The party existed mainly in County Donegal in Ireland and, in particular, in Blaney's former constituency of Donegal North-East.

Paddy Keaveney (father of Fianna Fáil Senator Cecilia Keaveney) was elected for Independent Fianna Fáil in the by-election in 1976 following the death of Liam Cunningham. Keaveney lost his seat at the 1977 general election. The group also briefly had a senator, James Larkin, which was part of the confidence and supply agreement made with Fianna Fáil after the February 1982 general election.

In 1979 Neil Blaney was elected to the European Parliament for the Connacht–Ulster constituency. He sat in the Technical Group of Independents which was a technical alliance of mainly left-wing MEPs who were not allied with either the Communists and Allies group or the mainstream social-democratic parties of the Socialist Group.

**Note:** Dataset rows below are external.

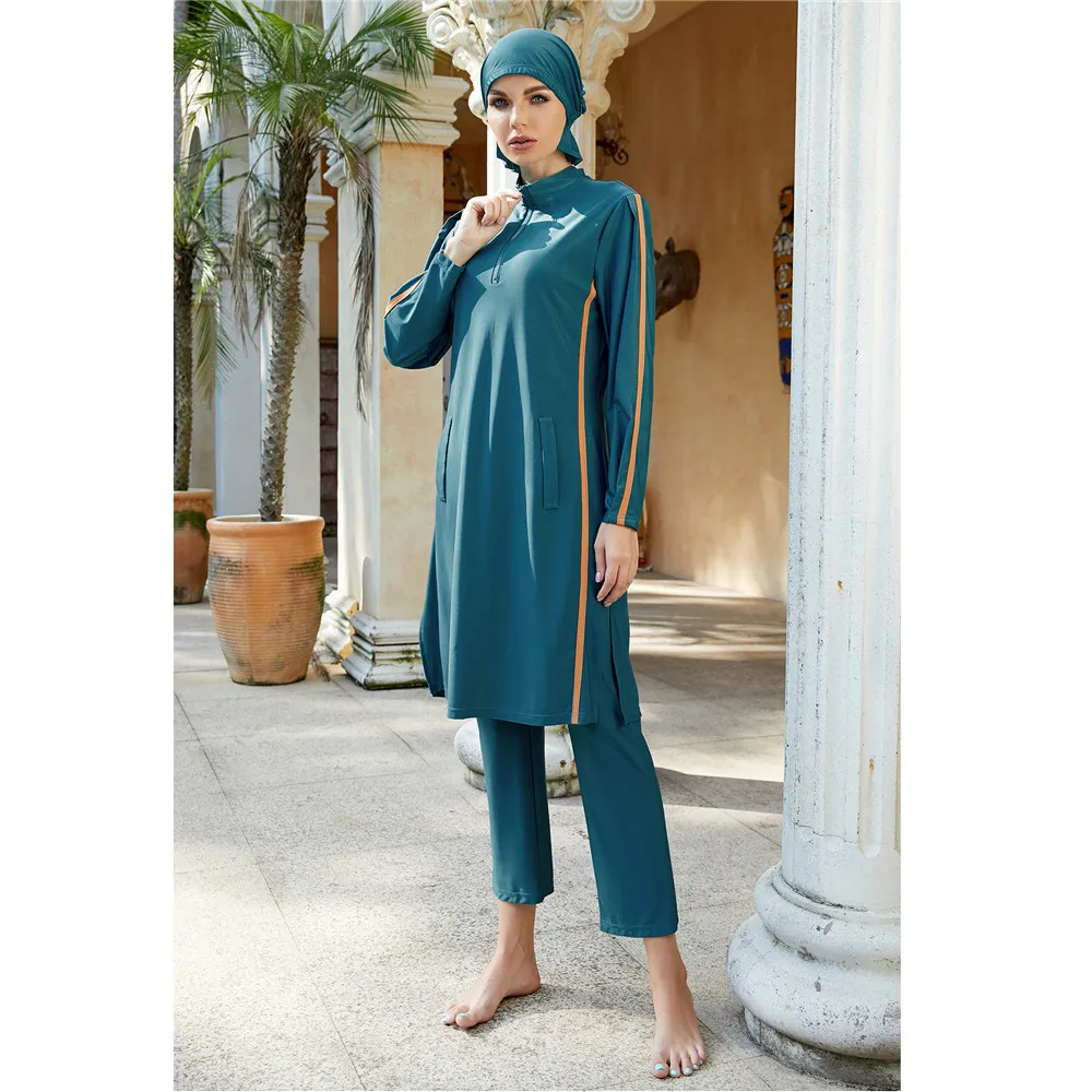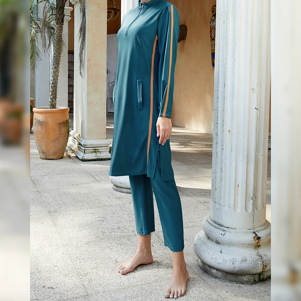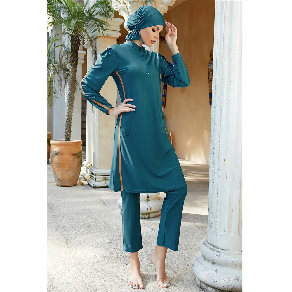 Découvrez le maillot de bain islamique femme, un ensemble 3 pièces alliant confort et élégance pour vos activités aquatiques.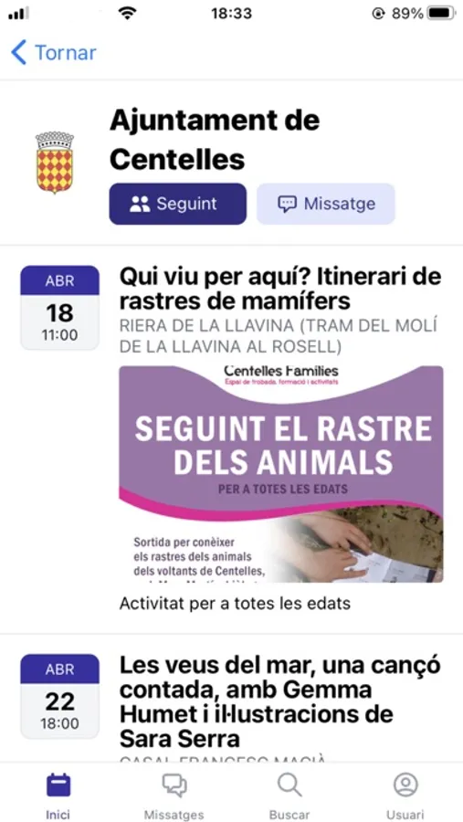 Tindreu a l'abast i de manera ordenada tota la informació de qui seguiu i, si ho accepteu, podreu rebre notificacions de notícies, missatges i nous esdeveniments directament de l'organitzador.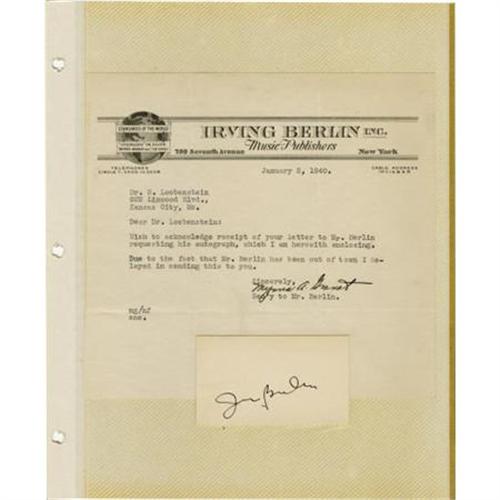 <B>Irving Berlin Autograph.</B></I> A 3.5" x 2" card signed by the prodigious songwriter in black ink. The autograph card itself is affixed to a letter, regarding the autograph, from his personal assistant and dated January 5, 1940. Both items are in Very Fine condition with moderate age-toning, and encased in a loose album page.<BR><BR><b>Shipping:</b> Flat Material, Small (<a target="_blank" href="http://www.heritageauctions.com/common/shipping.php">view shipping information</a>)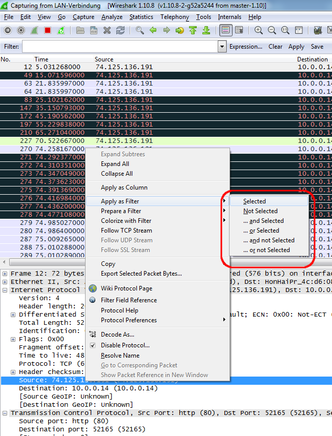 But fortunately there is an easy way to create a filter. Simply click on the field in the packet trace detail for which you want to create a filter with the right mouse button and choose the correct "Apply as Filter" context menu. If you have already set a filter and want to add the field as an additional filter criteria choose one of the "... xxxx" entries. That's so easy that i am really angry i had not known this earlier.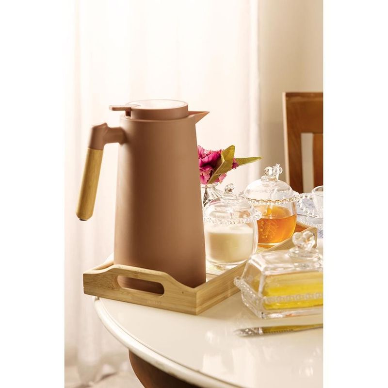 A Garrafa Térmica Tap Nude 1L da Lyor com Termômetro Digital mescla funcionalidade térmica e design sofisticado. Com acabamento nude e cabo em madeira, ela adiciona um toque escandinavo e moderno à sua rotina, seja no trabalho, em casa ou em encontros especiais. Com capacidade para 1 litro, essa garrafa permite armazenar e servir bebidas quentes ou frias com eficiência. Graças ao seu sistema de isolamento térmico, mantém o conteúdo aquecido por até 12 horas ou refrigerado por até 24 horas, garantindo o sabor e a temperatura ideais por muito mais tempo.O grande diferencial está no termômetro digital embutido na tampa, que permite visualizar a temperatura da bebida em tempo real. Essa funcionalidade traz mais controle e praticidade, especialmente para chás, cafés e bebidas que exigem temperaturas específicas. Seu cabo em madeira oferece um manuseio firme e confortável, além de reforçar o apelo estético da peça. Ideal para compor mesas elegantes ou para uso diário com um toque de design contemporâneo. Termômetro embutido: controle da temperatura em tempo real Conserva quente por até 12h e frio por até 24h Design escandinavo com acabamento nude e cabo de madeira Tampa hermética: evita vazamentos e mantém a vedação Com a Garrafa Térmica Lyor Tap Nude 1L, cada gole é uma experiência de conforto e estilo.

Blaney served as chair of the group along with the Italian Radical Marco Pannella and Danish left-wing Eurosceptic Jens-Peter Bonde. Blaney narrowly lost his seat in the 1984 election but was returned to serve as an MEP in 1989 election where he sat with the regionalist Rainbow Group.

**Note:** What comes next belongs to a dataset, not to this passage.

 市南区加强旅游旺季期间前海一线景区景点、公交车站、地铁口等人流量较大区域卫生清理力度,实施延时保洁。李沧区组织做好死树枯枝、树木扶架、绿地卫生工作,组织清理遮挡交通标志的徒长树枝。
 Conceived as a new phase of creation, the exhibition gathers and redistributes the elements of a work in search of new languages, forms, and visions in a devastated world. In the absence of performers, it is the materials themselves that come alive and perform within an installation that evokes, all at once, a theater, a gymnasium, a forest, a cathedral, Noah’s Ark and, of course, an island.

Independent Fianna Fáil was a founder member of the European Free Alliance in 1981, and remained a member of the organisation until 1995.

Tadhg Culbert was a councillor for Independent Fianna Fáil in the 1980s, before becoming an independent and eventually joining the official Fianna Fáil. IFF had also had representation on Roscommon County Council – where Paddy Lenihan, brother of Mary O'Rourke and uncle of Brian Lenihan Jnr, defected from Fianna Fáil – and on Leitrim County Council where Larry McGowan also defected, both doing so in 1981. They both retired in 1999, and neither seat was defended on the party's behalf.

Harry Blaney became the leader of IFF following Neil Blaney's death in 1995.

Blaney's nephew Niall Blaney was elected as an Independent Fianna Fáil Teachta Dála (TD) for the constituency in 2002, and in the 2004 local elections there were two IFF county councillors – both members of Donegal County Council – and two town councillors, one a member of Letterkenny Town Council and one a member of Buncrana Town Council.

In a number of elections Paddy Kelly stood unsuccessfully under the Independent Fianna Fáil banner in elections in Donegal South-West; he was however elected to the council for the Glenties ward and served as a member until 2004.

==Blaney legacy==
Neal Blaney was elected to the 5th Dáil on 12 August 1927 as Fianna Fáil Teachta Dála and successfully contested all general elections until the 13th Dáil in 1948. He was defeated in the 1938 general election but was elected to the 3rd Seanad on the Agricultural Panel.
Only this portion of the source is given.